Is the mother wrong in giving them all to Maggie. Would you argue that Dee should get some of the quilts? If so, why. Why does Dee deserve some of the quilts? Dee is a daughter and the oldest. She is an heir to her mother's properties. She would use them to adorn her house. She would not wear them out. She would take pride in the heirloom. Dee is interested in the quilts. Dee did ask for the quilts. She grew up in the same house as Maggie. She is entitled to half of everything her mother has. (These are suggestions)
Does Maggie have a right to all of the quilts? This could be your argument. Why does Maggie deserve all of the quilts. Perhaps Dee would not appreciate them the way Maggie would. Dee is egocentric. She cares only about herself. She would never use the quilts. Maggie would. After all, the story is about everyday use. The mother desires for the quilts to be used. She also sympathizes with Maggie since she was burned severely. Also, Maggie is more dependent on her mother. Dee can make it own her on without the quilts:
Near the end of the story, Mrs. Johnson demonstrates a shift in her maternal sympathies by taking the quilts from Dee and giving them to Maggie, signaling for the reader where the author's own sympathies also lie.
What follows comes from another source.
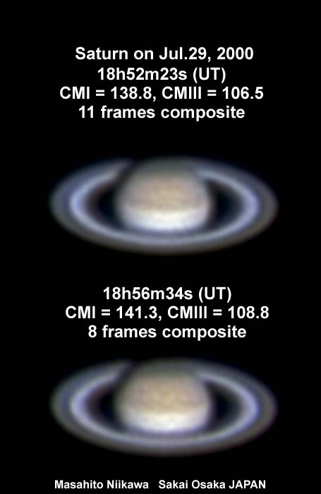 No.8 2000/07/29 18:52:23(UT) CMI = 138.8, CMIII = 106.5 11 frames composite No.9 2000/07/29 18:56:34(UT) CMI = 141.3, CMIII = 108.8 11 frames composite De = -26.5, E.Dia = 17.46" Seeing = 4/10, Transparency = 4/6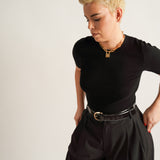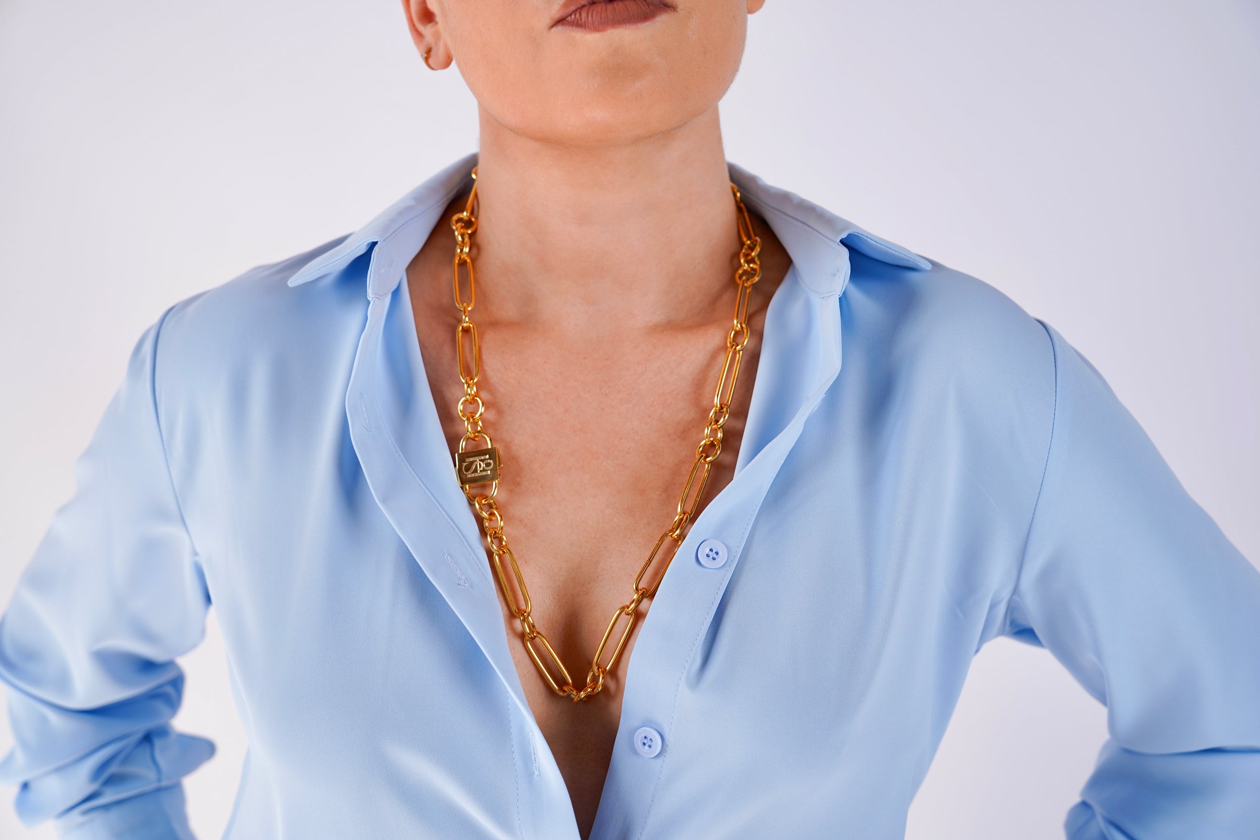 The two spring clasps not only serve to connect the chains but also allow you to attach charms between them, giving each chain a personalized touch. The chain is gold-filled with 1 micron over 925 silver.

No doubt, the mother, Mrs. Johnson, sympathizes with Maggie. Mrs. Johnson desires for Maggie to have the quilts. Mrs. Johnson realizes that Dee has denied her own heritage. Dee only wants to showcase the quilts as folk art. She would never use them for everyday use:
Dee denies her real heritage, in which she was named for her aunt. Dee's other attempts to appreciate her cultural heritage miss the mark: she wants to display her mother's possessions in her home as examples of folk art but refuses to recognize their greater value to her mother and sister as objects of "everyday use" that they still use.